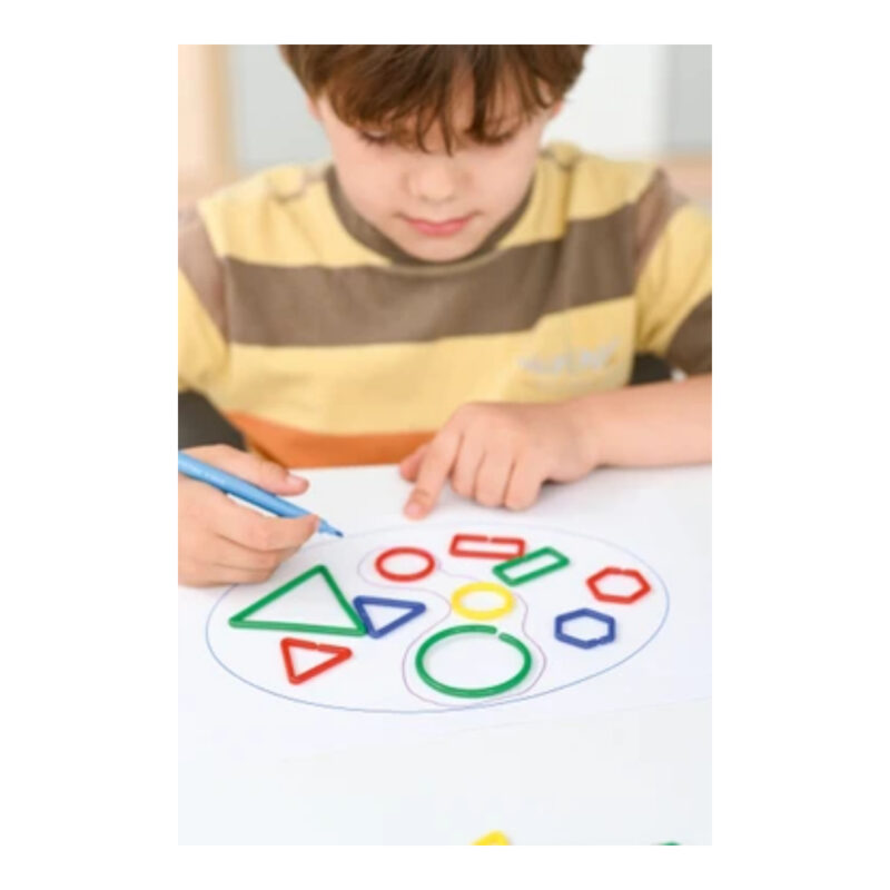 40 plastklotsi 5 kuju ja 2 suuruses loendamiseks, sorteerimiseks ja pikkadeks kettideks ühendamiseks. Ideaalne mängudele, mis arendavad loogilist mõtlemist. • 4 värvi • mõõtmed 3,5 x 3 cm kuni 7 x 3,5 cm
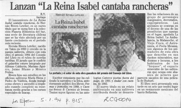 Lanzan "La Reina Isabel cantaba rancheras" [artículo] R. V.
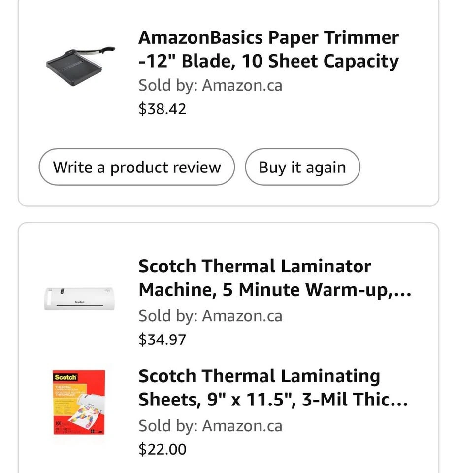 Buy & SellLaminating Machine, Sheets, and Cutting BoardLaminating Machine, Sheets, and Cutting Board$50Imperfect condition, still in its box. No longer need it. Pick up is at Mary Hill.WHERE TO MEETCheck LocationView MapSELLERSaraRanch Park150 reviews0 chats·0 favorites·1 viewsSEND CHAT TO SELLERHi Sara! I’m interested in your listing.Hi Sara! I’m interested in your listing.Get the Karrot app to chatSign In to chat
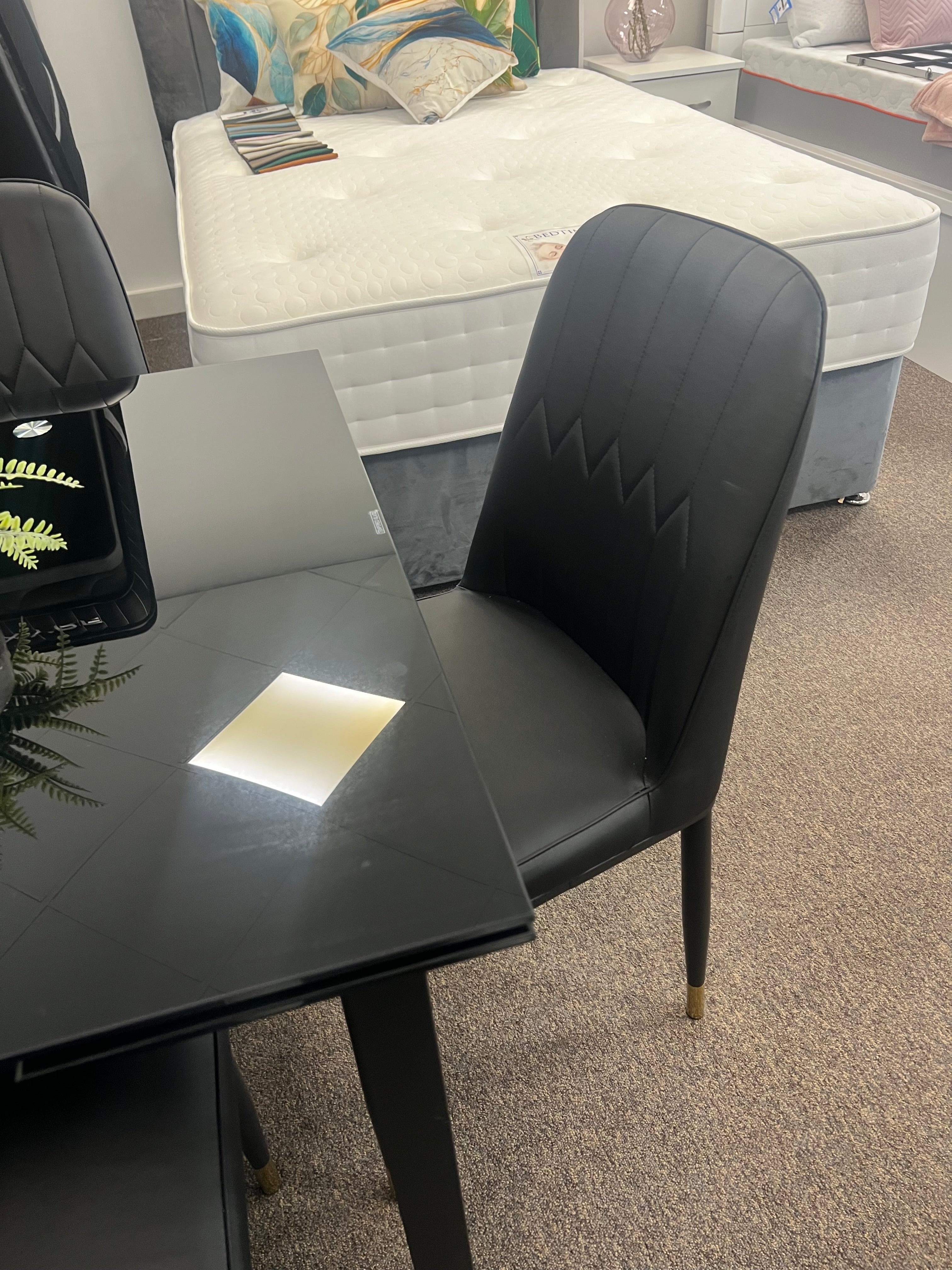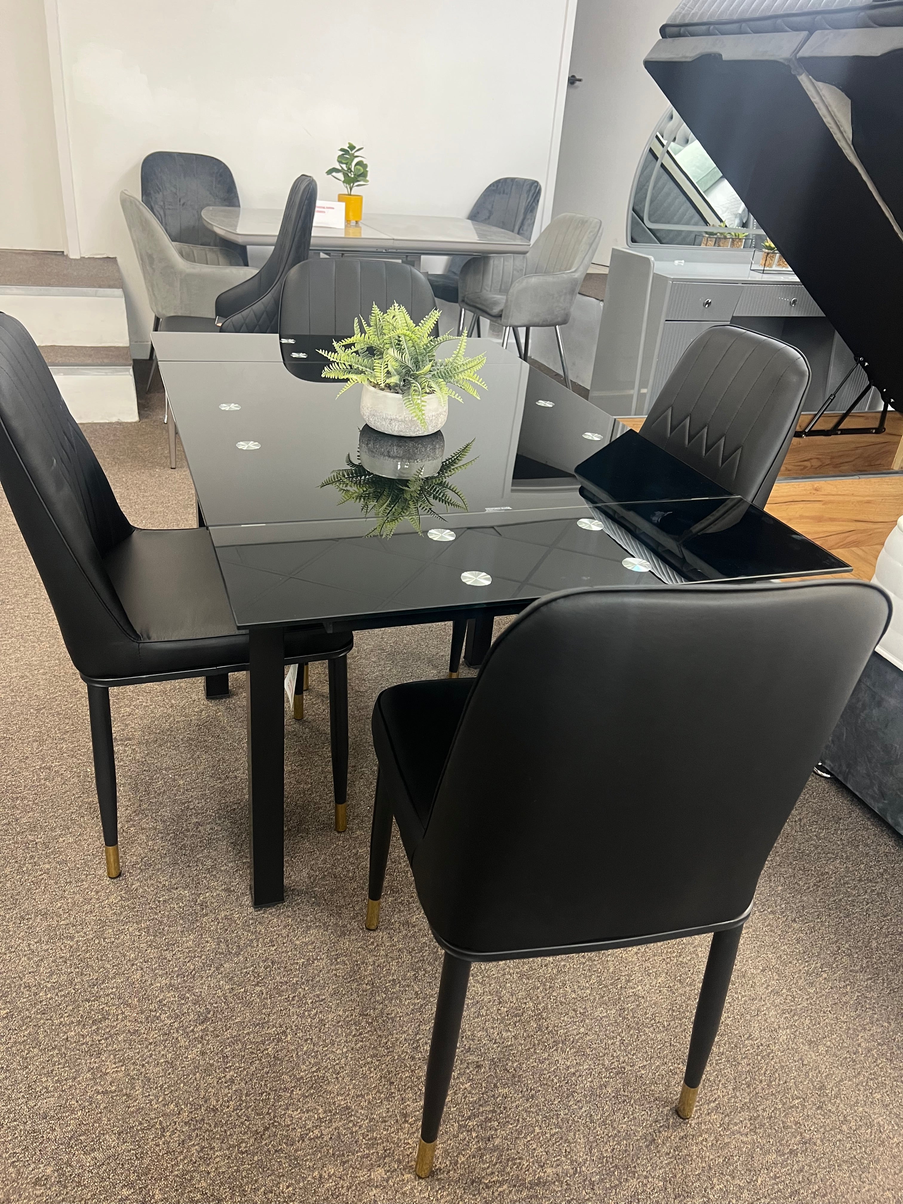 Glass dining table with four leather comfortable chair This glass extendable dining table comes with four leather chairs and the ability to extend to fit up to six chairs. Made with quality materials, it provides both comfort and functionality for your dining needs. Enjoy luxurious dining experiences with this stylish and versatile set.

====

| INSTRUCTIONS TO FOLLOW |
Return only the lines from the one that contains "[artículo] R. V." through the closing line of the data, inclusive, reproduced exactly and with every picture left out.

| WRITTEN REPLY |
 Lanzan "La Reina Isabel cantaba rancheras" [artículo] R. V.
 Buy & SellLaminating Machine, Sheets, and Cutting BoardLaminating Machine, Sheets, and Cutting Board$50Imperfect condition, still in its box. No longer need it. Pick up is at Mary Hill.WHERE TO MEETCheck LocationView MapSELLERSaraRanch Park150 reviews0 chats·0 favorites·1 viewsSEND CHAT TO SELLERHi Sara! I’m interested in your listing.Hi Sara! I’m interested in your listing.Get the Karrot app to chatSign In to chat
 Glass dining table with four leather comfortable chair This glass extendable dining table comes with four leather chairs and the ability to extend to fit up to six chairs. Made with quality materials, it provides both comfort and functionality for your dining needs. Enjoy luxurious dining experiences with this stylish and versatile set.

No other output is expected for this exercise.